Aloha -
I've run into a real kernel-level problem with 'netmsg'.
It's related to the libpager issue. The problem arises when a process gets
an unworkable memory object and tries to vm_map it. This causes the
mach_msg() that sent the vm_map to block indefinitely, even though I've
specified MACH_SEND_TIMEOUT with a zero timeout.
More specifically, the process in question is the exec server. It gets a
memory object from the file server to read a file, then uses it to map the
file into a remote task. This causes a vm_map to go across the network
connection. The kernel, upon receiving the vm_map, sends a
memory_object_init message, and then blocks waiting for the reply.
The block occurs in vm_object_copy_strategically(), which is labeled in its
comments "[t]his operation may block". Almost the first thing it does it
to wait for the memory object to become ready.
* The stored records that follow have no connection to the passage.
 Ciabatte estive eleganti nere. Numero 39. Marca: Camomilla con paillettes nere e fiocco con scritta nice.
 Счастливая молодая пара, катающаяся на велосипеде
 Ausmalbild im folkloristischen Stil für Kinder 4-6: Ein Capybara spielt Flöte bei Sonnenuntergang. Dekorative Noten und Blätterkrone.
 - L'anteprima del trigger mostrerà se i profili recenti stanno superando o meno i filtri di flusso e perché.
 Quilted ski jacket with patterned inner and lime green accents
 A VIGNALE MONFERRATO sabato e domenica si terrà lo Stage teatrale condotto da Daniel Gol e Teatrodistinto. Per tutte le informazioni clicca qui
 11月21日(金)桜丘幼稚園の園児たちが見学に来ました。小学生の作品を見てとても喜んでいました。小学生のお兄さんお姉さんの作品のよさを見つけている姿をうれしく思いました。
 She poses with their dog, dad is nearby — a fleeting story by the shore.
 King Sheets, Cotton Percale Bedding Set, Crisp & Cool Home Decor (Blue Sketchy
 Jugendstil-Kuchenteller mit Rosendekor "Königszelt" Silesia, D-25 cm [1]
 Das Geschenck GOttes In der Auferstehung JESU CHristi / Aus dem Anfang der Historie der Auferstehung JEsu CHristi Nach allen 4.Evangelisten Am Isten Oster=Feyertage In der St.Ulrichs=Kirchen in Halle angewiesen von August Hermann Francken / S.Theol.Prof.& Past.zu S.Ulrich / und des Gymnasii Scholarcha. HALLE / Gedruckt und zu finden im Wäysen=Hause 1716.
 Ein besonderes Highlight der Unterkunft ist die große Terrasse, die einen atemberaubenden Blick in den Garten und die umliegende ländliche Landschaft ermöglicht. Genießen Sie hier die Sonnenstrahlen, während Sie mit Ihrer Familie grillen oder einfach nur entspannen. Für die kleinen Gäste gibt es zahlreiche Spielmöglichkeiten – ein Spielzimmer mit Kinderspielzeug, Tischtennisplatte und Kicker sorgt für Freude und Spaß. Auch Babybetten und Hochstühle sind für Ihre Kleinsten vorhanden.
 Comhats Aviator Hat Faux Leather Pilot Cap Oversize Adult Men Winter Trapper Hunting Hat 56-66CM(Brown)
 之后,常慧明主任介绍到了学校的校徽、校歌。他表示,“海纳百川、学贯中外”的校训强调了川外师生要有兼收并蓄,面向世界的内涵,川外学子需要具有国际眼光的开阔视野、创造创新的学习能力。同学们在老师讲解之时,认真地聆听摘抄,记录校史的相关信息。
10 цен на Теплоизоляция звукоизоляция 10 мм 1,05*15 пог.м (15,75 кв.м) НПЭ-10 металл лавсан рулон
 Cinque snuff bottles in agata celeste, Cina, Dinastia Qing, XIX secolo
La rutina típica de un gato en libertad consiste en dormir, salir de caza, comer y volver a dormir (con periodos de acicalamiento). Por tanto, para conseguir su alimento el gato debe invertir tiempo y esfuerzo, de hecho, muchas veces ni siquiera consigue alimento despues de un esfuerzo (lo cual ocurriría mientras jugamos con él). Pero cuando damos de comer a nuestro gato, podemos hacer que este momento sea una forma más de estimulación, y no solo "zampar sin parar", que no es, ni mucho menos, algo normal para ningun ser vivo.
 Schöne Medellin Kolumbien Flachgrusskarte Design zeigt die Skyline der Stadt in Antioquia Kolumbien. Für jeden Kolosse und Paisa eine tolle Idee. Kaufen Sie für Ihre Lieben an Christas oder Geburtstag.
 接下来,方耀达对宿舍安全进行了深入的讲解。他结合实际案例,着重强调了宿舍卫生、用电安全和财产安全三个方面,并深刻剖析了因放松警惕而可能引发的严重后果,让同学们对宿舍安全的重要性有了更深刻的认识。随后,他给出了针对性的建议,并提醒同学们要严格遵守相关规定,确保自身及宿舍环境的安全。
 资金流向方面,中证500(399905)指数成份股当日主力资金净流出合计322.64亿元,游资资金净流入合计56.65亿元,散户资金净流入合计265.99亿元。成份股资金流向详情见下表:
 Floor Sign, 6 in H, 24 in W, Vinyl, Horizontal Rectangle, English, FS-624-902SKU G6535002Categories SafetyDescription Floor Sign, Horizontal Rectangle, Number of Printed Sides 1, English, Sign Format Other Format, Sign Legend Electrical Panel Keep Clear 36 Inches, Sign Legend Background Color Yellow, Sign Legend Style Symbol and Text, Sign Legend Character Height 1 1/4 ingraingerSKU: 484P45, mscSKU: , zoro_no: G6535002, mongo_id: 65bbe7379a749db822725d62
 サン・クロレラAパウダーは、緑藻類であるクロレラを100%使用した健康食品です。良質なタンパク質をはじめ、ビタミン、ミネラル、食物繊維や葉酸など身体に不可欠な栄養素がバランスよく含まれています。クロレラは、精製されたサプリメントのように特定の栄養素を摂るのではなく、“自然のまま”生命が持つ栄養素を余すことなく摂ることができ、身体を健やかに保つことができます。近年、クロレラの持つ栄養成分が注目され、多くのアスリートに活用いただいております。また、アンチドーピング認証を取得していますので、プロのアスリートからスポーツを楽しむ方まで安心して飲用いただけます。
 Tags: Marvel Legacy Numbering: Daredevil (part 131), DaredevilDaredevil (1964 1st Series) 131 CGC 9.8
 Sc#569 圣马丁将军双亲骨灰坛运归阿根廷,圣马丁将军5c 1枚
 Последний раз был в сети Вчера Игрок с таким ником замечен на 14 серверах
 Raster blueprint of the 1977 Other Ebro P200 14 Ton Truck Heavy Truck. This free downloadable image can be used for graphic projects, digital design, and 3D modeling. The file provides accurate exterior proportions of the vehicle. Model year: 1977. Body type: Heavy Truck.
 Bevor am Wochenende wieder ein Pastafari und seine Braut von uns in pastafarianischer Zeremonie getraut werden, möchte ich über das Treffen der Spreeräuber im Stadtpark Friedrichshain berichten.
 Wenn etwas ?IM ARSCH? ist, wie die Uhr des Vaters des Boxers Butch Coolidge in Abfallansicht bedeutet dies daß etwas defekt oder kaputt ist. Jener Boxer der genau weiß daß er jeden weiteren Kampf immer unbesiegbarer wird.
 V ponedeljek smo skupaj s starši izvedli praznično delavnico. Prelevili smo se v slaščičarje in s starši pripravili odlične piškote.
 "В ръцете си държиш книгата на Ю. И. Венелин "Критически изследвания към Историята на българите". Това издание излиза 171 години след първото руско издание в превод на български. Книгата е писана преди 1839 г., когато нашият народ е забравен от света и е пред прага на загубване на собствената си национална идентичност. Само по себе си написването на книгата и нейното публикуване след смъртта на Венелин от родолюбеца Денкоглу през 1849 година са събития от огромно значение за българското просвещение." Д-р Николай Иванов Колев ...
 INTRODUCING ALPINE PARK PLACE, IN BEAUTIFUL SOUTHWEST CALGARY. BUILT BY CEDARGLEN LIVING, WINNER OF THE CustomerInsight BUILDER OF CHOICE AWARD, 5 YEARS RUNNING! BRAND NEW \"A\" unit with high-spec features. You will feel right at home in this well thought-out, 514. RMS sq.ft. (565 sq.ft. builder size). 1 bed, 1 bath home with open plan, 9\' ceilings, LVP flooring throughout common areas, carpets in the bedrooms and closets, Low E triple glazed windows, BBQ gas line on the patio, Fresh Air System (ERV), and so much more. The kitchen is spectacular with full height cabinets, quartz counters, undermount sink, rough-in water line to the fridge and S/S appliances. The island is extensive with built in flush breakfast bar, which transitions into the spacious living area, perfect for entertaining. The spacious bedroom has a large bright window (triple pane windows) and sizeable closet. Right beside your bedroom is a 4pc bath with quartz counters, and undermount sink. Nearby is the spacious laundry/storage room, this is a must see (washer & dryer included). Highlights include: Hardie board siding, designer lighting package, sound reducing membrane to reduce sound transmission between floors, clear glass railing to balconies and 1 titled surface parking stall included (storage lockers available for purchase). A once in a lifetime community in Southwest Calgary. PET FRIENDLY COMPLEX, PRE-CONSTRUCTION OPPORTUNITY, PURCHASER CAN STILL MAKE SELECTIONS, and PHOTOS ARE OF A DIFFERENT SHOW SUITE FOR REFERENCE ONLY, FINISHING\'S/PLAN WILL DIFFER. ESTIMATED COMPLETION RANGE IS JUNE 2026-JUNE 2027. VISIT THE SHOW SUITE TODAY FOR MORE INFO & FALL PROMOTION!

In our case, libpager already has a different client, so the memory object
never becomes ready.
The big problem, as I see it, is that mach_msg() is blocking, and that
hangs my entire thread. It seems to me that these low-level RPC operations
like vm_map can't block, otherwise it would defeat the purpose of
MACH_SEND_TIMEOUT. So vm_map() should record the mapping and then return,
putting the copy operation on some kind of queue. I guess.
Any thought on how to resolve this?
agape
brent